Higgins on the climate crisis: ‘The cost of inaction is catastrophic’

26 Sep 2019

Image: © Irish Labour Party/Flickr

President Michael D Higgins underlined the grave implications of the impending climate crisis in an address to the UN General Assembly in New York.

President Michael D Higgins has warned that the climate crisis is “moving so much faster than the efforts we are expending or enlisting to address it” in a speech at the 74th UN General Assembly in New York.

He warned that there was no greater challenge facing the international community that is more urgent than the climate emergency, in an address as part of a campaign for Ireland to secure a seat on the UN National Security Council in 2021.

Higgins urged all countries to take decisive climate management moves and said nations must “muster the courage to take action”.

“We must expose and oppose the obduracy in continuation of what has been shown to be unsustainable,” he continued. “Otherwise, we will be justifiably regarded by future inhabitants of our planet as having colluded in the destruction of the lives and life-worlds of some of the most vulnerable peoples of our human family and the biodiversity on which our planetary life depends.”
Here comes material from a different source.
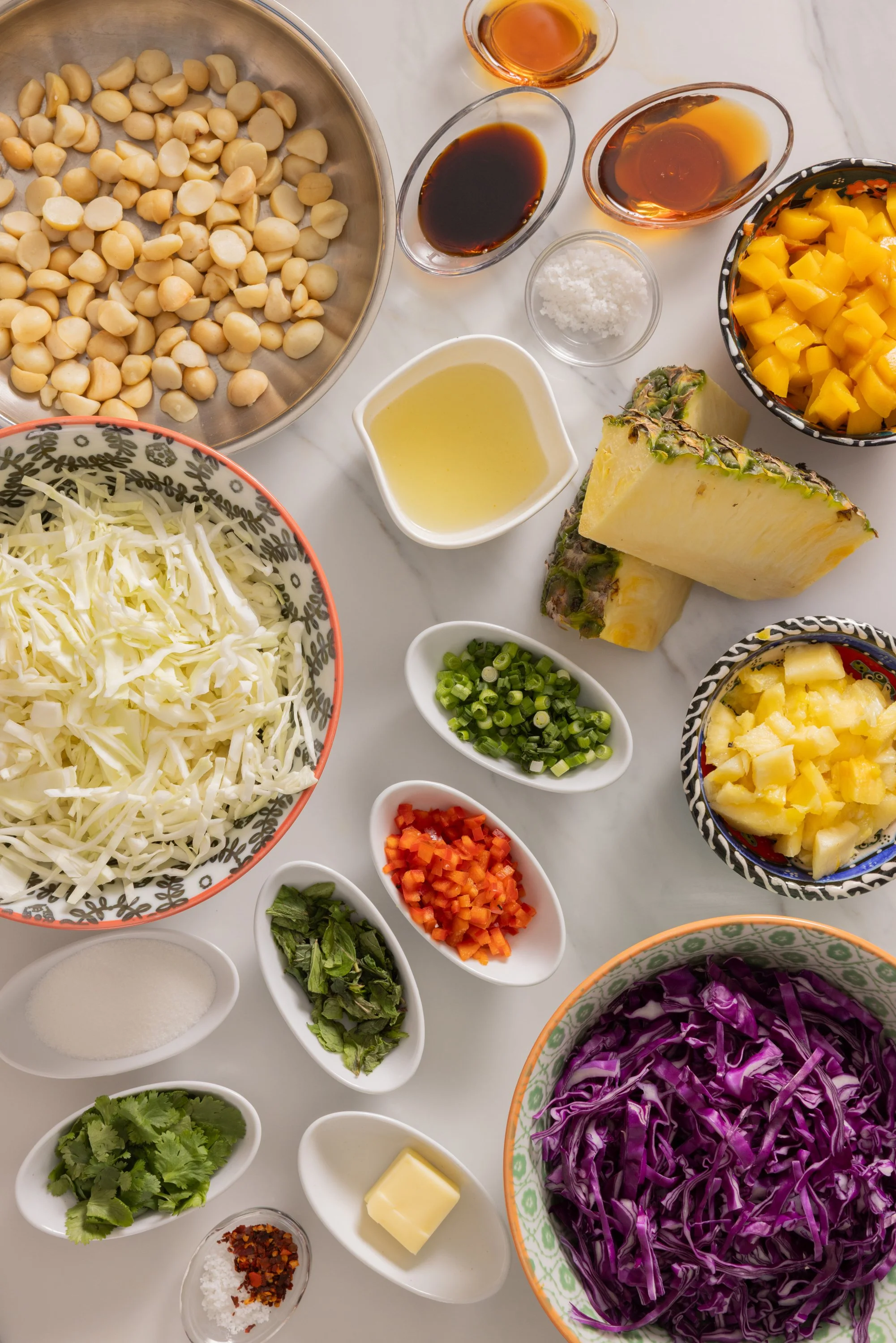 This is the kind of salad that will make you pause mid-bite and ask, "Wait, what’s in this?" It’s crunchy, sweet, salty, and just a little nutty (in all the best ways). I toss crisp cabbage with juicy mango and pineapple, then layer in the magic with candied nuts and a tangy-sweet dressing made with lime, sesame oil, and maple syrup. It’s a salad that’s bright, balanced, and full of unexpected flavor.

He agreed with UN Secretary General António Guterres, who has said “that schoolchildren have grasped the urgency of climate action better than some global leaders”.
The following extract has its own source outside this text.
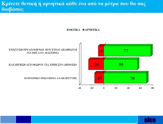 Το 77% κρίνει θετικά την ενίσχυση των εργαζόμενων που είναι απλήρωτοι για μεγάλο διάστημα, ενώ το 9% αρνητικά.

‘Young people, and citizens of all generations, are asking us now for more than a response to climate change. They are seeking authenticity of words and actions’
– MICHAEL D HIGGINS

These comments come hot on the heels of worldwide global climate strikes led by 16-year-old Swedish activist Greta Thunberg, which culminated in her speech at a UN climate summit on Monday.

Higgins noted that young people have “accepted the science” and have a keener grasp of the disastrous consequences of our present models, and “see the prospect of their futures disappearing due to inaction and short-term thinking.”

He continued: “Young people, and citizens of all generations, are asking us now for more than a response to climate change. They are seeking authenticity of words and actions.”

Laying the burden of this solely at the feet of the UN as an institution, he said, would be wrong, adding that responsibility is on all leaders and citizens to address the issue. Referring to his own personal role in climate crisis, he noted that he plans to travel by ship to Athens and Cyprus in October.

Higgins’ speech followed the release of the latest report from the UN’s Intergovernmental Panel on Climate Change (IPCC), which warned that sharp emissions cuts are needed to curb “unprecedented” changes in the world’s oceans and frozen areas due to the climate crisis.